The build option has been included as a useful comparator.

It is just a useful comparator. It continues:

The efficacy of this option from a location and service delivery perspective has not been assessed.

Okay, we have come up with some numbers; it has not been assessed. It continues:

Further, the costs of this option are indicative only …

It is an indication. We know how good they are on the costings on dams. We know how good they are at the costings on roads. So on the basis of this, this costing could be out by a couple of hundred million dollars. It continues:

… based on general measures rather than any detailed scoping.

It is a very significant issue and we have got general measures rather than detailed scoping. Further, it says:

The analysis in this paper does not reflect the impact on the budget and forward estimates, as some of the costs of the base case will be subject to future budget decisions.

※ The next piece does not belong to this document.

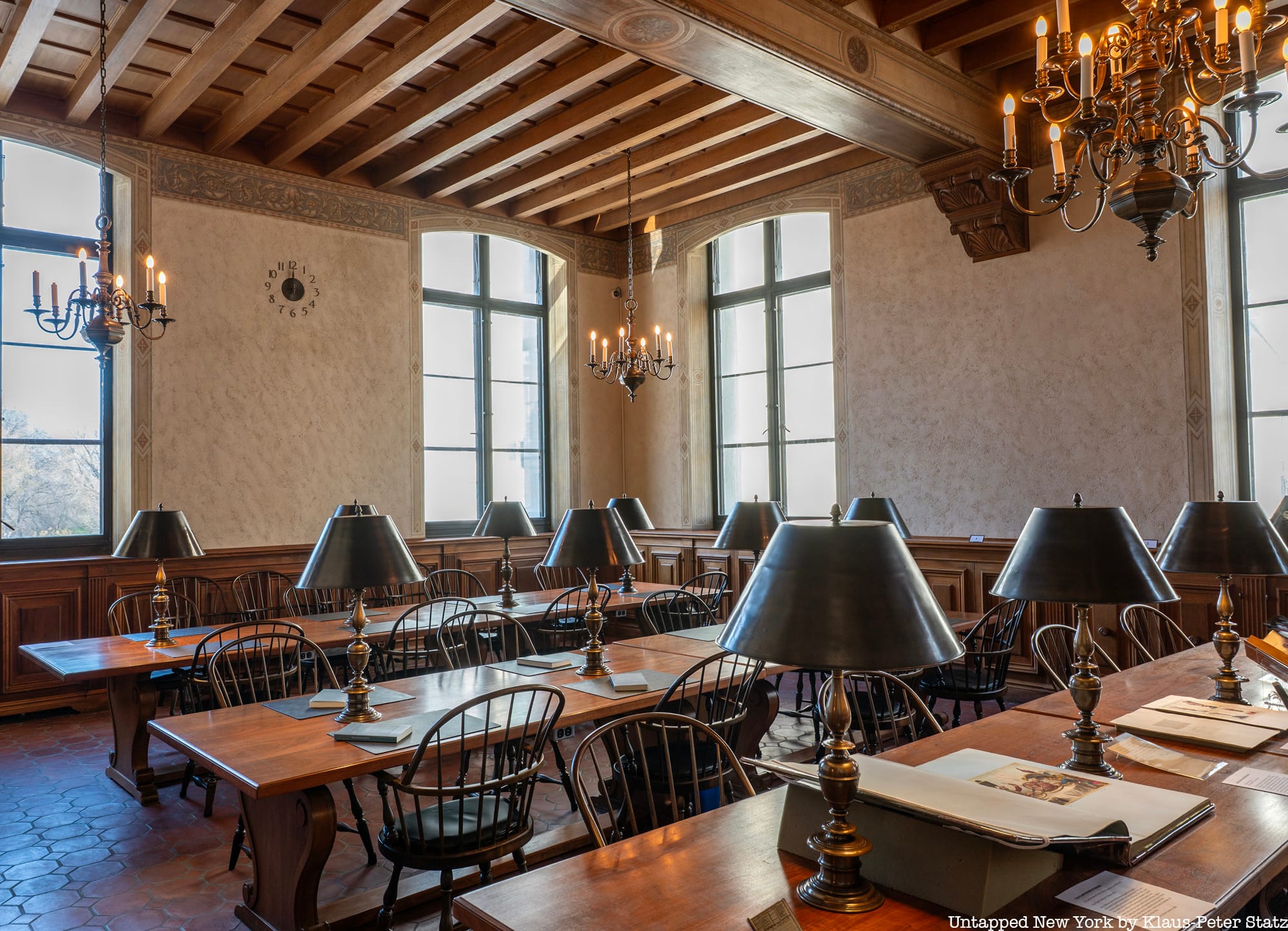 The second-floor galleries focus on the special collecting interests of Frick family members and significant gifts that have been made to the museum. In Henry Clay Frick's original bedroom, now called the Walnut Room, a selection of portraits are on view. In his daughter Helen's bedroom, her contributions to the institution and her love for early Italian Renaissance paintings are acknowledged by the display of works by Cimabue, Piero della Francesca, and Paolo Veneziano. Additional collections now on permanent display include gifts of rare portrait medals, French faience ceramics, porcelain, and clocks and watches.
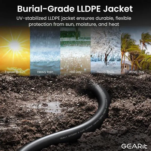 GEARit Outdoor Ethernet Cable - This direct burial Cat6 cable combines ruggedness, blazing speed and impressive value to create the perfect Ethernet networking solution for your outdoor router, backyard office, permanent or temporary outdoor installation, or anywhere you need a reliable network connection that can stand up to weather and harsh conditions.

So there are other factors affecting the accuracy of this data but we do not know what they are. It goes on to say:

Finally, any efficiencies from coordination and streamlining of services, and delineation of roles of the public hospitals, following the acquisition have not been included in the analysis.

Why have they not been included in the analysis? Because the government cannot make it work.

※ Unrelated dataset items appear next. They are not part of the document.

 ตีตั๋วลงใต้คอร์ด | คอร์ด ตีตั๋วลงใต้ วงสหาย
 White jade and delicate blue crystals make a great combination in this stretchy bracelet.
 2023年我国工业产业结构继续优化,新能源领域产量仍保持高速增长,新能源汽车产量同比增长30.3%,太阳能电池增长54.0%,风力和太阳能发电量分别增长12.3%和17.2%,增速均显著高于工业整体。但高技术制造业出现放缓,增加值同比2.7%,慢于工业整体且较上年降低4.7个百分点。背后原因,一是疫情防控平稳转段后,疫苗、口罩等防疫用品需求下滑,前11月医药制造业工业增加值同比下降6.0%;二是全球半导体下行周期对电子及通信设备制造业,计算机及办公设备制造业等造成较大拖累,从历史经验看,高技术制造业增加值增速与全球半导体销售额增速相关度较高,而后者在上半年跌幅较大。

Ms Gallagher: Because they’re not part of the question.

MR SMYTH: The Treasurer says they are not part of the question, yet when we started this debate the whole question was the one governance model: “Bring it all in together, we can make it work better.” Because they have all been challenged and subsequently fallen over when groups like the AMA, the GPs, salaried medical officers and other groups question what is going on, we finally end up with the accounting treatment. Who is arguing here today for the purchase? I am not sure whether it is the health minister who is arguing for it in this case or whether it is the Treasurer. But it is certainly a Treasury argument. And what we do not get are clear answers from this minister.